The next step is to organize. Once the structure is set, AI can automate much of this work. Clear rules make organizing lists and projects a natural fit for automation, though you will still want to review the results. This stage can save significant time by sorting next actions, calendar items, someday-maybe lists, waiting-for lists, and projects.

Steps 4: reflect

The reflect step is where GTD and a powerful companion framework converge. This is where intentionality and stress-free work move you forward; the exact work you are supposed to be doing in any given moment.

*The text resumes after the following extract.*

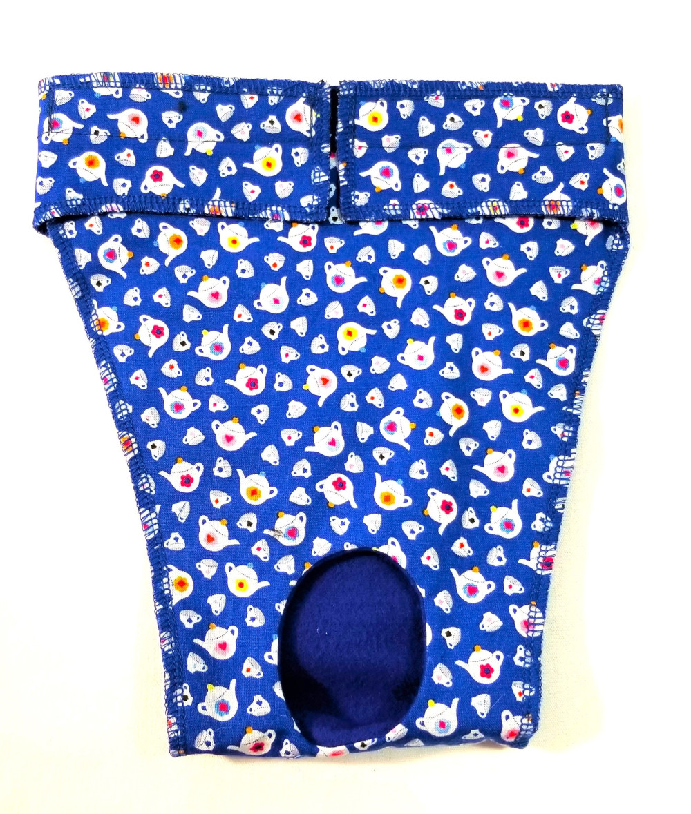The outer fabric is either cotton or flannel. The fabric next to your girl is flannel for comfort and absorbency. Each pair is carefully constructed with two additional layers of absorbent flannel under the tail plus a final section of waterproof diaper fabric to minimize leaks. These panties can be used with or without a pad.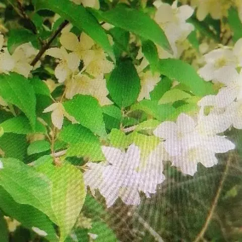 小花溲疏灌木,高约2米;老枝灰褐色或灰色,表皮片状脱落。叶纸质,卵形、椭圆状卵形或卵状披针形。…

Your system accommodates any change in priority without leaving anything behind: you decide what gets done and what is up next.

The Eisenhower Matrix is built on the same urgent-versus-important distinction that guided Eisenhower through the Allied invasion of Europe during WWII. It gives founders, CEOs, and executives a structured lens for exactly this moment: when you decide what gets your full engagement and what gets set aside without guilt. To see how the Eisenhower Matrix, GTD, and AI productivity tools combine into a decision architecture for growth-stage companies, this recent post on the You Need A CFO blog is worth a read.

Steps 5: engage

There’s nothing left now but to engage the actual work but now it’s freeing, creative and intentional. You can engage at your fullest capacity, where you can add the most value and leverage. To feel good about what you are not doing, you must have identified everything that you could possibly be doing. By time blocking your work of choice you have preemptively cleared the deck to add maximum value to all your work.

Final takeaway

The idea is simple: let AI handle the speed, volume, and options, but let GTD be the seasoned partner that helps you make the right calls and turns all that new power into real progress.